The Budget 2025 introduces several key amendments to the Income Tax Act, focusing on rationalizing tax provisions to improve compliance, reduce litigation, and support economic growth. The proposals include streamlining penalty timelines, clarifying stay periods in tax proceedings, and introducing a block-period approach for transfer pricing assessments. Additionally, amendments have been made to ease business operations, such as expanding the scope of safe harbour rules, simplifying carry-forward of losses in mergers, and extending tax benefits to inland vessels and International Financial Services Centre (IFSC) entities. Other significant changes include harmonizing the Significant Economic Presence (SEP) rules, revising capital gains tax rates for non-residents, and introducing tax certainty for electronics manufacturing.

Time limit to impose penalties rationalised

It is proposed to amend section 275 of the Act to provide that any order imposing a penalty under Chapter XXI shall not be passed after the expiry of six months from the end of the quarter in which the connected proceedings are completed, or the order of appeal is received by the jurisdictional Principal Commissioner or Commissioner, or the order of revision is passed, or the notice for imposition of penalty is issued, as the case maybe. Consequential amendment is also proposed in section 246A of the Act to update reference of the amended section 275 of the Act.

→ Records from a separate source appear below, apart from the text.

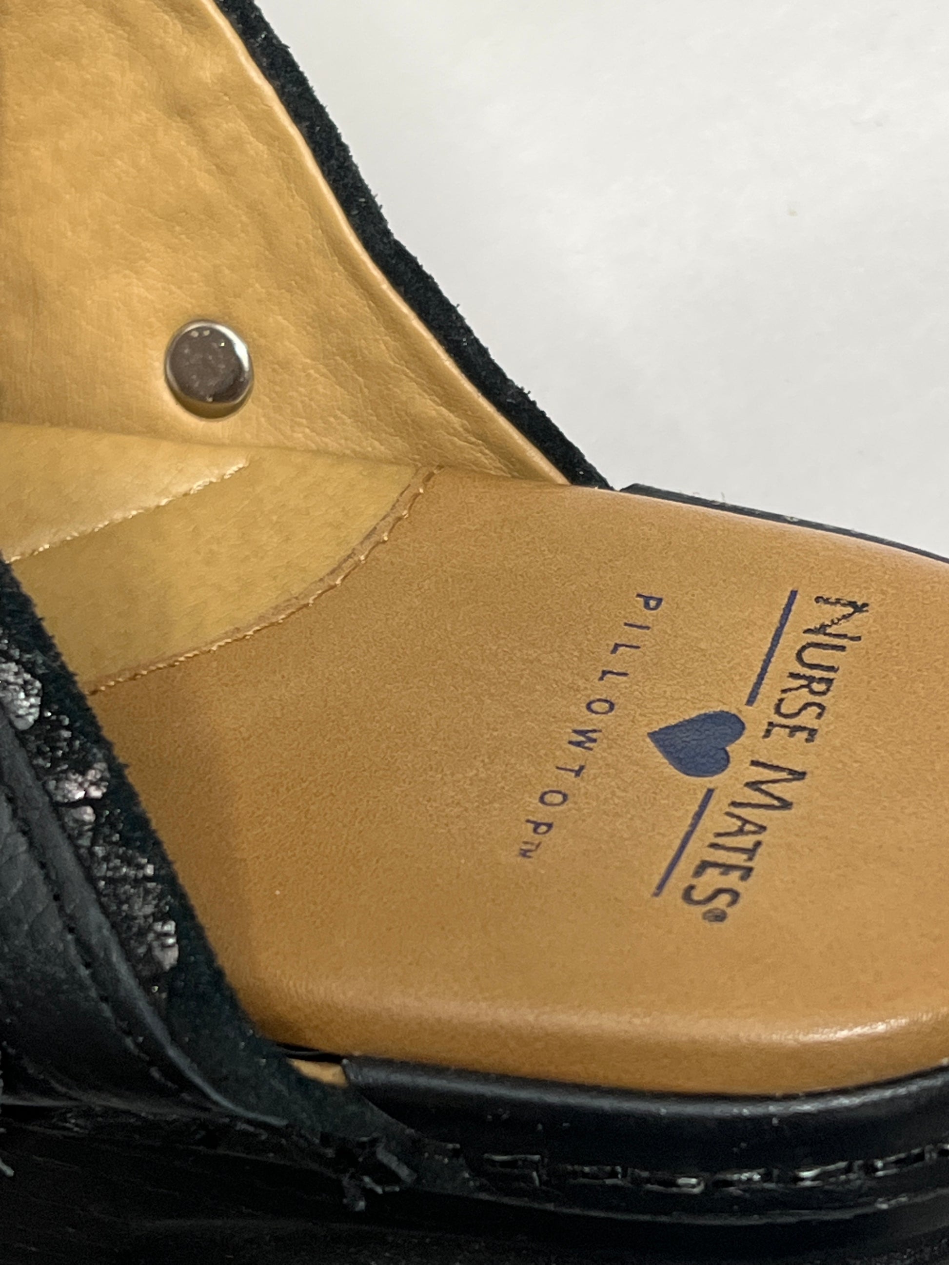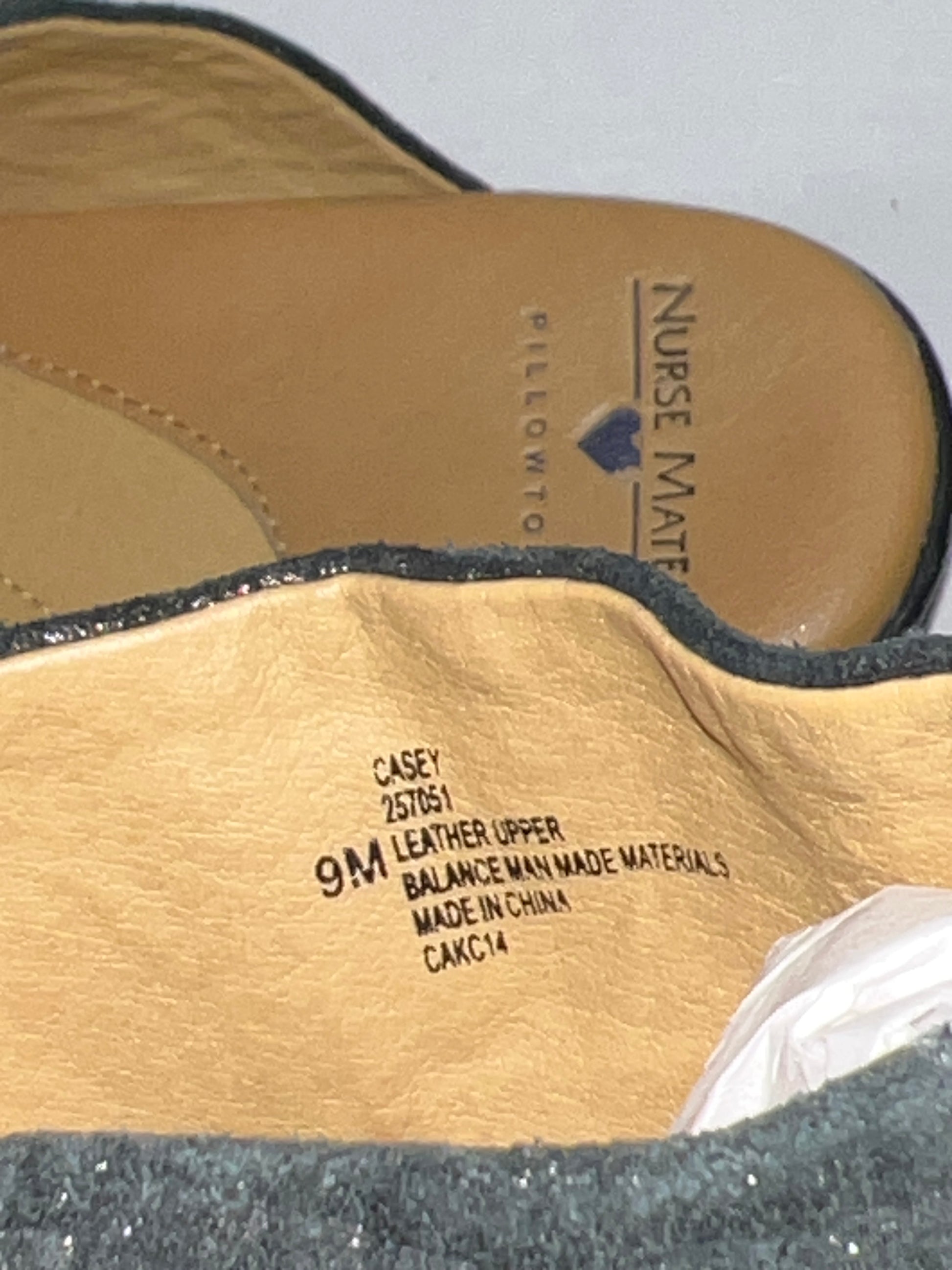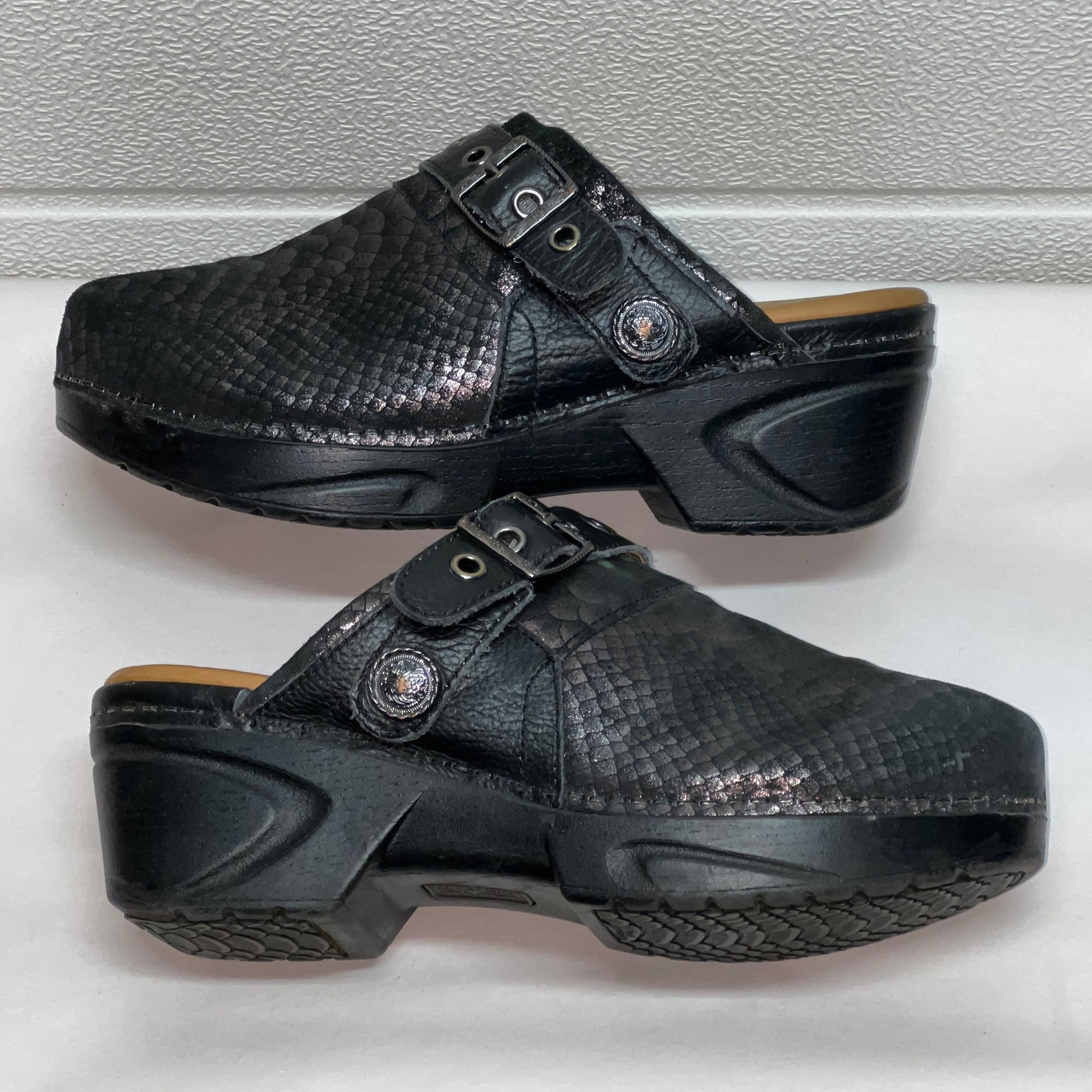 Women’s Nurse Mates Casey Pillow-top Open-back Clog 9M Black Printed Silver Scaled Leather
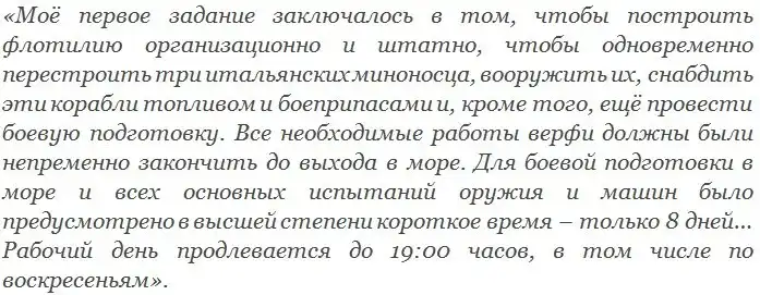 Командующий флотилией фон Камптц считал необходимым привести корабли к немецким стандартам, как в оборудовании, так и в размещении и проживании экипажа. О том, с какими трудностями ему пришлось столкнуться, свидетельствует запись в журнале боевых действий флотилии от 5 апреля 1943 года:
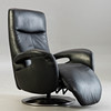 Hukla fåtölj, svart läder.
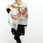 大判サイズのストールで肩から羽織る使い方もできます。春夏の日除けや室内の冷房対策としても使いやすくなっています。
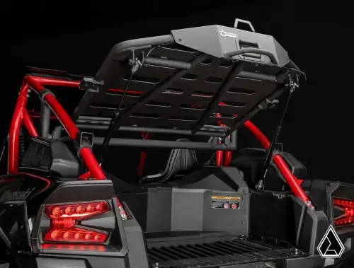 Assault Industries' Adventure Rack doesn’t interfere with your existing cargo bed. It mounts above your bed and can easily be raised when you need to get into it. The locking gas struts ensure it won’t pop open when you’re hitting the trails. Plus, the rack is easy to open—just grab the handle and pull up.
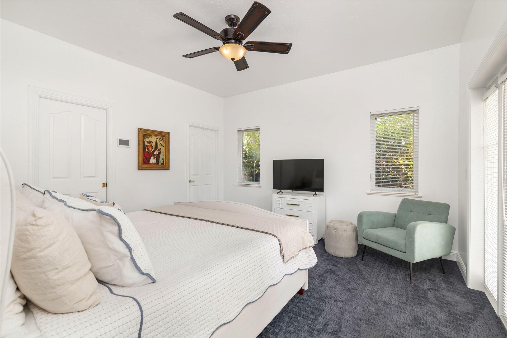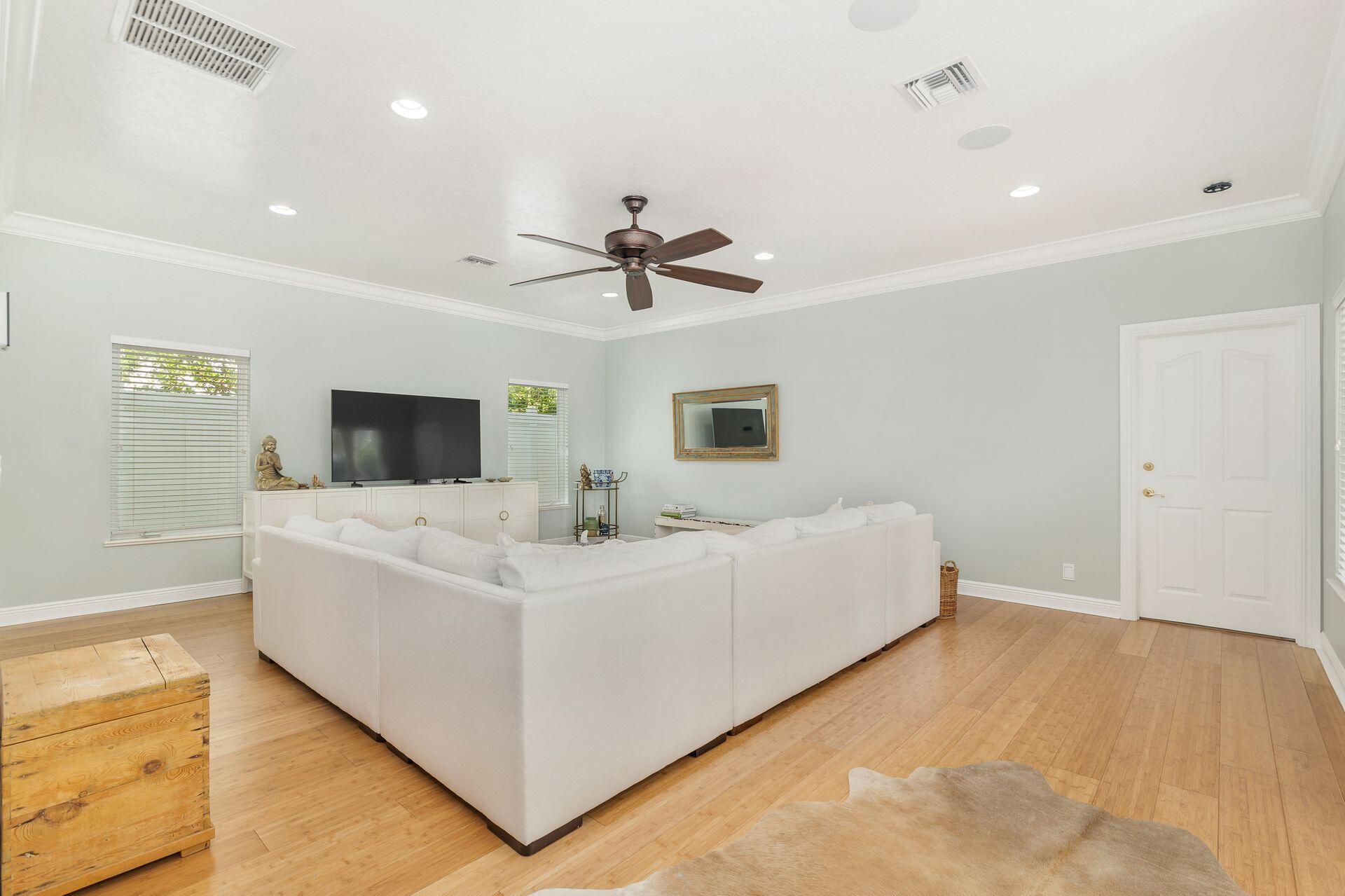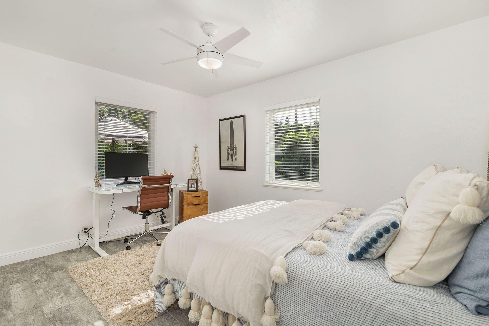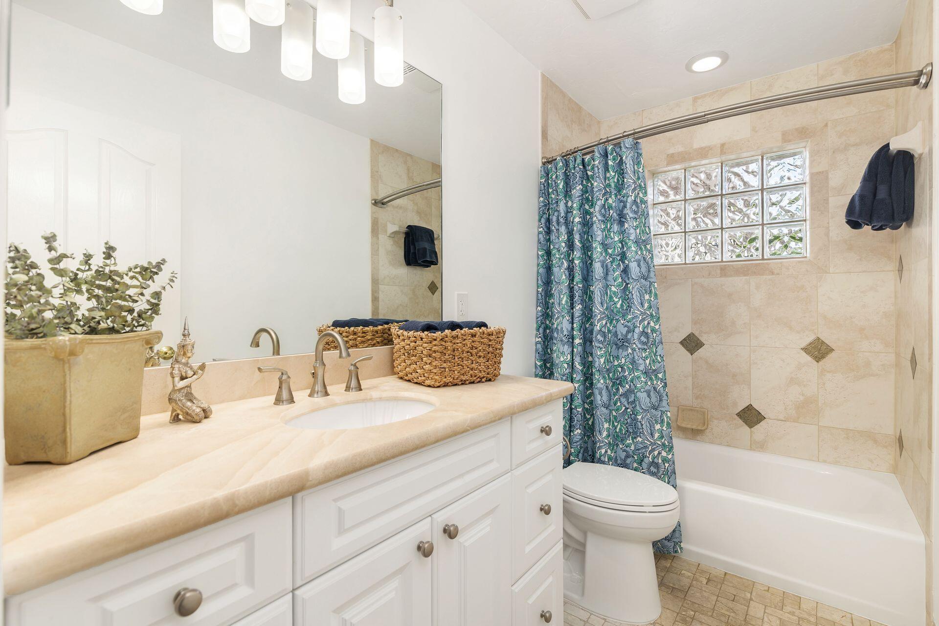 Set among waterfront and multi-million dollar properties, this 3BR/2BTH located in SoSo is just delightful. Raised seam metal roof, freshly painted, gorgeous curb appeal, welcoming porch, light & bright interiors, impact windows, 22kw generator & garage! Tile and wood floors, large family room & dining area with10 foot ceilings, great open kitchen with granite counters & stainless steel appliances. Primary bedroom with ensuite bath, French doors to lanai & walk-in closet. Two comfortable guest bedrooms have large closets & beautiful marble guest bath. Beautiful lanai overlooks private lush tropical gardens and faces east to catch Intracoastal breezes. Paver circular driveway. Close to Flagler Drive Promenade, Intracoastal Waterway, Palm Beach Island, Antique Row, CityPlace and PBI airport
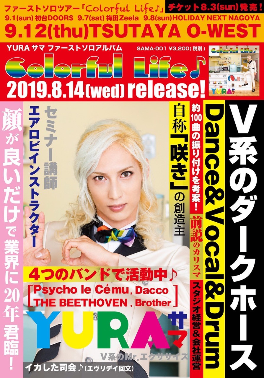 8月14日、YURAサマが40歳の誕生日を前に初のソロアルバム『Colorful Life♪』を発売する。YURAサマいわく、「昔からYURAサマ名義でソロアルバムを出したい」という想いはあったことでした。そのタイミングを見計らっていた中、2019年9月12日に40歳になることから、「今がベストじゃないか」と判断をし、リリースを決めました」とのこと。予定では、20代のうちに「まわりが放っておかずにソロデビュー」を目論んでいたようだが、当時人気沸騰していたPsycho le Cémuが活動休止となり、その夢は一度潰えたことも補足として語っていた。詳しくは、 アルバムの冒頭を飾った『[発信for dear]』を聴いていただきたい。

Clarification regarding the commencement date and the end date of the period stayed by the Court

Section 144BA, section 153, section 153B, section 158BE, section 158BFA, section 263, section 264 and Rule 68B of Schedule-II of the Act, inter-alia, provide that period during which the proceedings under respective provisions are stayed by an order or injunction of any court shall be excluded in computing the time limit for conclusion of the proceedings.

With a view to removing any ambiguity, it is proposed to amend the said provisions of the Act so as to exclude the period commencing on the date on which stay was granted by an order or injunction of any court and ending on the date on which certified copy of the order vacating the stay was received by the jurisdictional Principal Commissioner or Commissioner.

Ease of doing business

  • To streamline the process of transfer pricing and to provide an alternative to yearly examination, it is proposed to introduce a scheme for determining arm's length price of international transaction for a block period of three years. This will be in line with global best practices.
  • With a view to reduce litigation and provide certainty in international taxation, the scope of safe harbour rules is being expanded.   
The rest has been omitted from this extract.